##### INFORMATION SHOWN #####
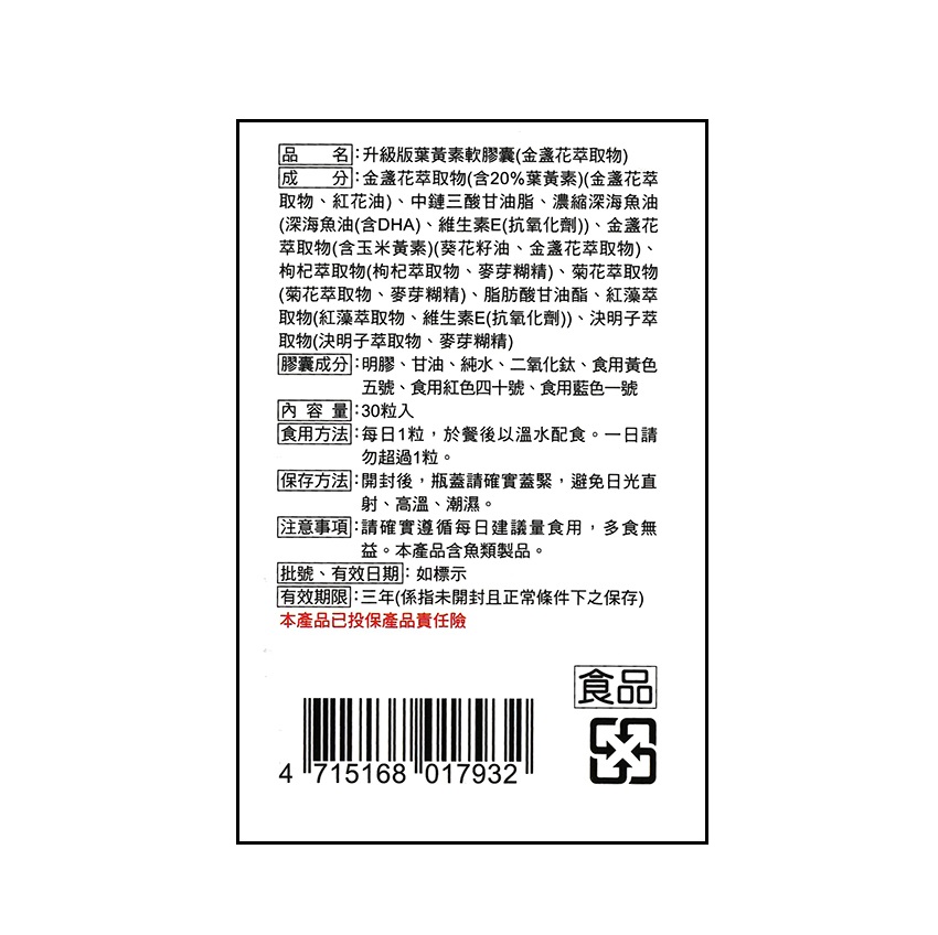 免運 【永信藥品】健康優見高單位升級版葉黃素軟膠囊(金盞花萃取物)﹝小資屋﹞(0102213)
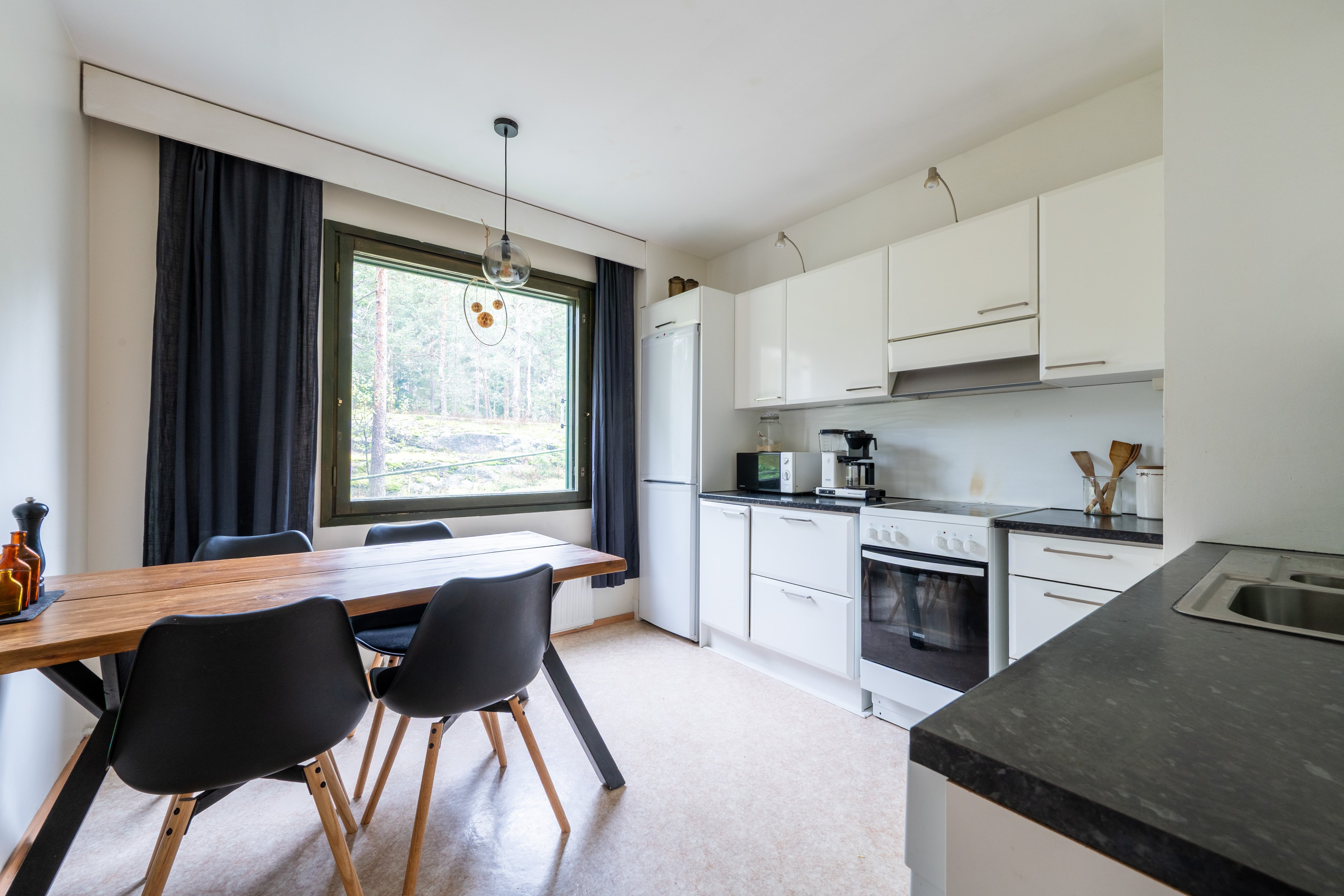 Riihikallion alueella on hyvät kulkuyhteydet ja alueen vehreät metsät tarjoavat loistavat ulkoilumahdollisuudet (Ruotsinkylän tutkimusmetsä). Tämä asunto on erinomainen valinta perheelle, joka arvostaa rauhallista asuinympäristöä ja hyviä palveluita lähellä.
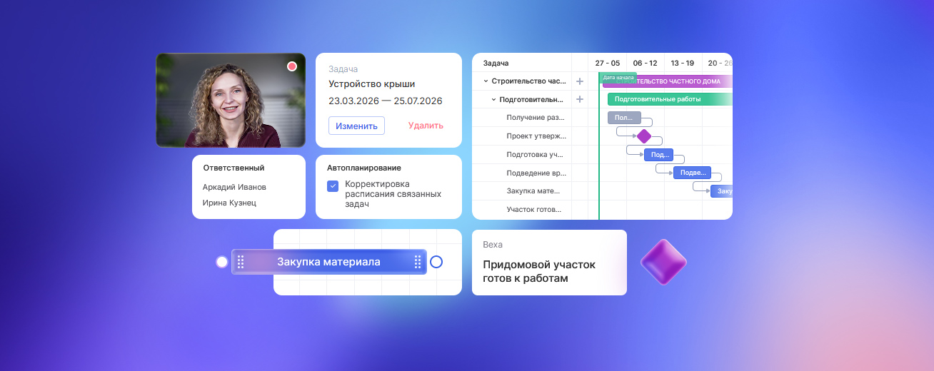 Это включает удобный редактор, автопланирование сроков, настройка связей между тасков и поддержка фильтрации по проектам и ответственным. Все это помогает быстро увидеть реальное состояние проджекта на диаграмме Ганта.
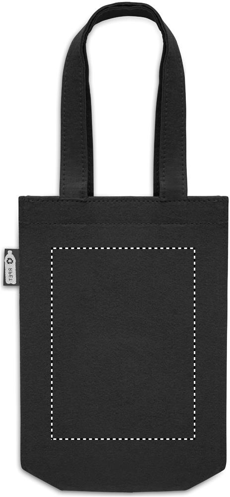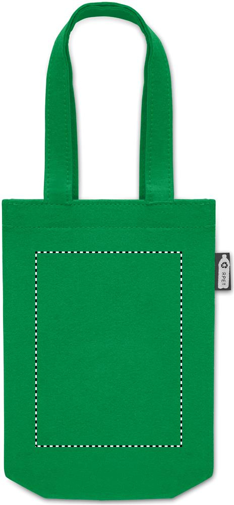Liten present- eller goodiebag i RPET-filt med korta handtag och kil i botten. Filtens tjocklek: 1 mm.
#####
_WHAT TO PRODUCE:_ Return every line shown above without changing a word, and skip the pictures.

_THE ANSWER:_
 免運 【永信藥品】健康優見高單位升級版葉黃素軟膠囊(金盞花萃取物)﹝小資屋﹞(0102213)
 Riihikallion alueella on hyvät kulkuyhteydet ja alueen vehreät metsät tarjoavat loistavat ulkoilumahdollisuudet (Ruotsinkylän tutkimusmetsä). Tämä asunto on erinomainen valinta perheelle, joka arvostaa rauhallista asuinympäristöä ja hyviä palveluita lähellä.
 Это включает удобный редактор, автопланирование сроков, настройка связей между тасков и поддержка фильтрации по проектам и ответственным. Все это помогает быстро увидеть реальное состояние проджекта на диаграмме Ганта.
Liten present- eller goodiebag i RPET-filt med korta handtag och kil i botten. Filtens tjocklek: 1 mm.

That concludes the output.